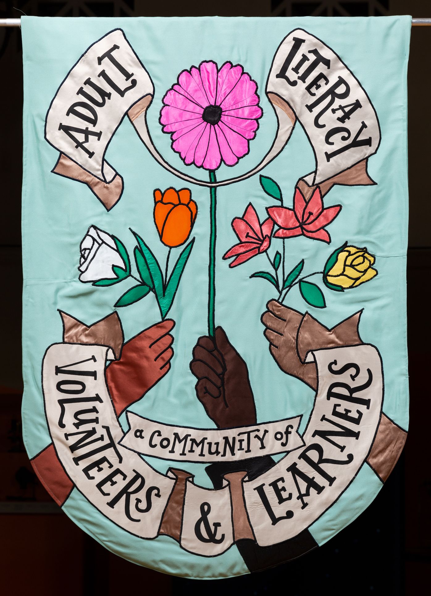 Celebrated for her work in social practice and positive psychology, Bay Area-based artist Christine Wong Yap is known for deeply felt and thought-provoking textiles, publications, flags, billboards, and prints that utilize calligraphy and inclusive design to explore ideas around belonging and its relationship to mental health and well-being. Here, Yap brings the experiences of library-based communities to light, allowing space for reflection on the intangible benefits of being part of a community.
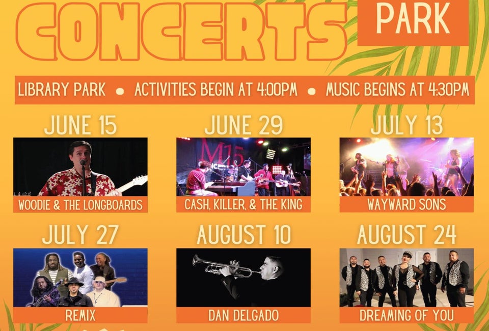 El Segundo's Summer Concerts in the Park are held at Library Park. Extra fun includes pre-show kids' crafts, games, and giveaways in the Gazebo. Food trucks are on-site with food for purchase.
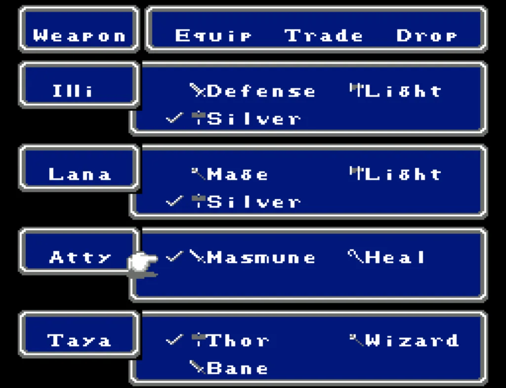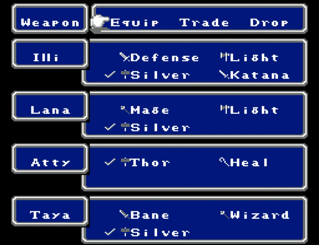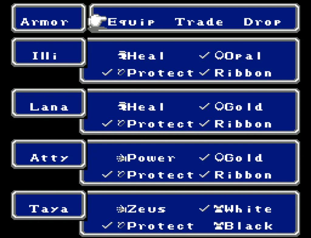 Illi ended up with significantly more HP than the rest, so she serves as my Tank in that first slot. She has the best armor, and is the only one who doesn’t carry a damage-dealing magic item. She has some magic, but not as much as Atty or Taya. She also carries the Defense sword so she can Ruse herself, making her even harder to hit.

◆ **Exercise instructions**: If you see a picture in the listing, skip it while copying everything else exactly.

◆ **Written solution**:
 Celebrated for her work in social practice and positive psychology, Bay Area-based artist Christine Wong Yap is known for deeply felt and thought-provoking textiles, publications, flags, billboards, and prints that utilize calligraphy and inclusive design to explore ideas around belonging and its relationship to mental health and well-being. Here, Yap brings the experiences of library-based communities to light, allowing space for reflection on the intangible benefits of being part of a community.
 El Segundo's Summer Concerts in the Park are held at Library Park. Extra fun includes pre-show kids' crafts, games, and giveaways in the Gazebo. Food trucks are on-site with food for purchase.
 Illi ended up with significantly more HP than the rest, so she serves as my Tank in that first slot. She has the best armor, and is the only one who doesn’t carry a damage-dealing magic item. She has some magic, but not as much as Atty or Taya. She also carries the Defense sword so she can Ruse herself, making her even harder to hit.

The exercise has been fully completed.